Like so many things in life, the key to achieving healthy cholesterol levels is moderation. Our bodies need cholesterol to build healthy cells, but high levels of cholesterol can increase your risk of heart disease.
The goal is to increase the levels of “good” high-density lipoprotein (HDL) cholesterol, which picks up excess cholesterol and brings it to your liver where it is “reprocessed.” You want to lower your low-density lipoprotein (LDL) or "bad" cholesterol, which is the kind that builds up in the walls of your arteries, making them hard and narrow.
Adopting a heart-healthy diet can drastically improve your good and bad cholesterol levels. This can be accomplished by consuming a diet rich in whole grains, fruits, vegetables, beans and legumes, low-fat dairy products and lean protein sources. Additionally, you want to strive to choose unsaturated fats in place of saturated and trans-fats and limit refined carbohydrates.
Take a look at these foods you should avoid and ways you can replace them to improve your cholesterol levels:
- Fatty cuts of meat
- Whole-milk dairy products including butter, cheese and ice cream.
- Coconut oil, palm oil, and other tropical oils
- Poultry with skin
- Butter and stick margarine
- Stick margarine and shortening
- Some fried foods
- Processed sweets and baked goods
- Packaged foods made with hydrogenated oils such as cookies, pastries, baked goods, biscuits, frozen dinners and microwave popcorn
- Replace fatty cuts of meat with lean protein sources such as chicken, turkey and fish.
- Try to consume more plant-based or vegetarian meals with legumes like lentils and chickpeas as well as soy foods such as tofu and tempeh.
- Consume skim or 1% milk, low-fat cheese, non-fat yogurt and low-fat ice cream.
- Cook or bake with plant-based unsaturated oils such as olive oil, canola oil and soybean oil.
- Remove the skin from chicken and turkey.
- Bake, grill or broil your protein instead of frying.
- Opt for reduced fat, whipped or liquid spreads instead of stick margarine, shortening and butter.
- Avoid foods with the ingredient “partially hydrogenated oil” on the nutrition facts label.
- Incorporate more whole grains, fruits, vegetables and unsaturated fats into your snacks. Try carrots and hummus, Greek yogurt with berries and nuts, whole grain crackers with low-fat cheese, and an apple with peanut butter.
We’ve covered cholesterol, but did you know that refined carbohydrates can also increase your risk of coronary vascular disease? The American Heart Association reports that foods that contain high amounts of simple sugars (carbs that have been refined so that bran, fiber and nutrients are removed) can raise triglyceride levels. High triglyceride levels can be tied to coronary heart disease, diabetes and fatty liver.
The following foods tend to be high in refined carbohydrates:
- Table sugar
- Sugar-sweetened beverages like fruit drinks, soft drinks, sports and energy drinks, and sweetened coffee or tea.

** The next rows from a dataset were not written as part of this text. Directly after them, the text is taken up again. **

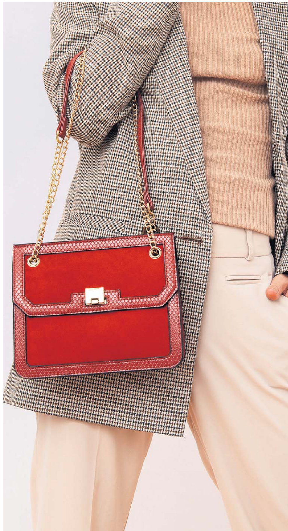
W doborze torebki obowiązuje zasada, by dopasowywać ją do całości stroju, nawiązać do stylu, kolorów oraz sytuacji
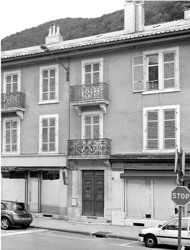
Façade antérieure, avant restauration : travée de la porte d'entrée. 39, Morez, 70 rue de la République
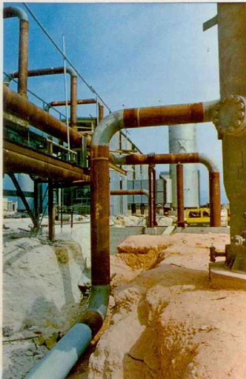
TUNISIA - Centrale gas
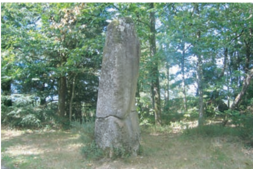
Le Menhir du Pic à Javerdat
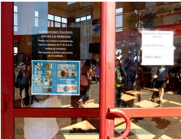
Detalle del cartel anunciador a la entrada del instituto. Dentro, la gente se prepara para asistir al evento.
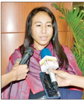
ဆောင်ရွက်ပေးလျက်ရှိသည်။ ထိုသို့ ဆောင်ရွက်ပေးလျက် ရှိရာ အီရတ်နိုင်ငံ ကာဒစ်စတန် ကိုယ်ပိုင်အုပ်ချုပ်ခွင့်ရဒေသ Erbil မြို့တွင် အခက်အခဲကြုံတွေ့နေရ

ရန်ကုန် ဩဂုတ် ၂၂ နိုင်ငံတော်အစိုးရ အနေဖြင့် ပြည်ပတွင် ရောက်ရှိနေသည့် အမိနိုင်ငံသားများ အခက်အခဲ ကြုံတွေ့ရပါက နိုင်ငံသားများ အပေါ် အလေးအနက်တန်ဖိုးထား သည့်အနေဖြင့် မည်သို့သောအခြေ အနေနှင့် တွေ့ကြုံရသည်ဖြစ်စေ မြန်မာသံရုံးနှင့် မြန်မာကောင်စစ် ဝန်ချုပ်ရုံးတို့သည် သက်ဆိုင်ရာ သံရုံးများနှင့်ချိတ်ဆက်၍ အမိ နိုင်ငံသားများ မြန်မာနိုင်ငံသို့ အမြန်ဆုံး အေးချမ်းလုံခြုံစွာ ပြန်လည်ရောက်ရှိနိုင်ရန် စီစဉ်
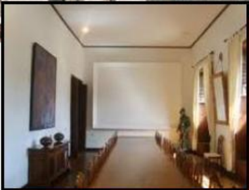
PALACIO SPÍNOLA. Salón plenario.
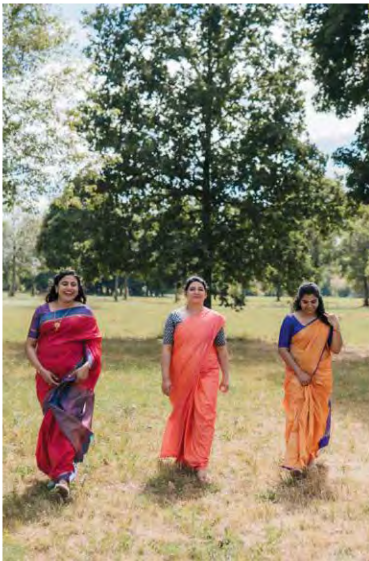
DONA FRANCIS B.A.M.S & IHR AYURVEDA- MEDIZINERINNEN- TEAM

- Candies, syrups, jams and jellies.
- Grain-based desserts like pastries, cakes, doughnuts, cookies and brownies.
- Dairy desserts such as frozen yogurt, flavored yogurt, puddings and ice cream.
Simple ways to limit your intake of refined carbohydrates:
- Drink water, unsweetened tea or coffee, or other calorie-free beverages instead of sodas or other sweetened beverages. Add fresh fruit, mint or cucumbers to water for an extra flavor kick.
- Choose beverages such as low-fat or fat-free milk and 100 percent fruit juice.
- Choose fruit as a naturally sweet dessert or snack in place of foods made with added sugars.
- Make sweet desserts and snacks like cookies, cakes, and ice cream a once-in-a-while treat and choose a small portion when you consume them.
- Look for packaged foods that have less or no added sugars such as plain Greek yogurt, unsweetened cereal, frozen fruit with no added sugar or syrup, unsweetened applesauce, and canned fruit in water as opposed to fruit syrup. Add your own flavor to plain yogurt and dry cereals with fresh fruit, seeds, nuts and spices such as cinnamon.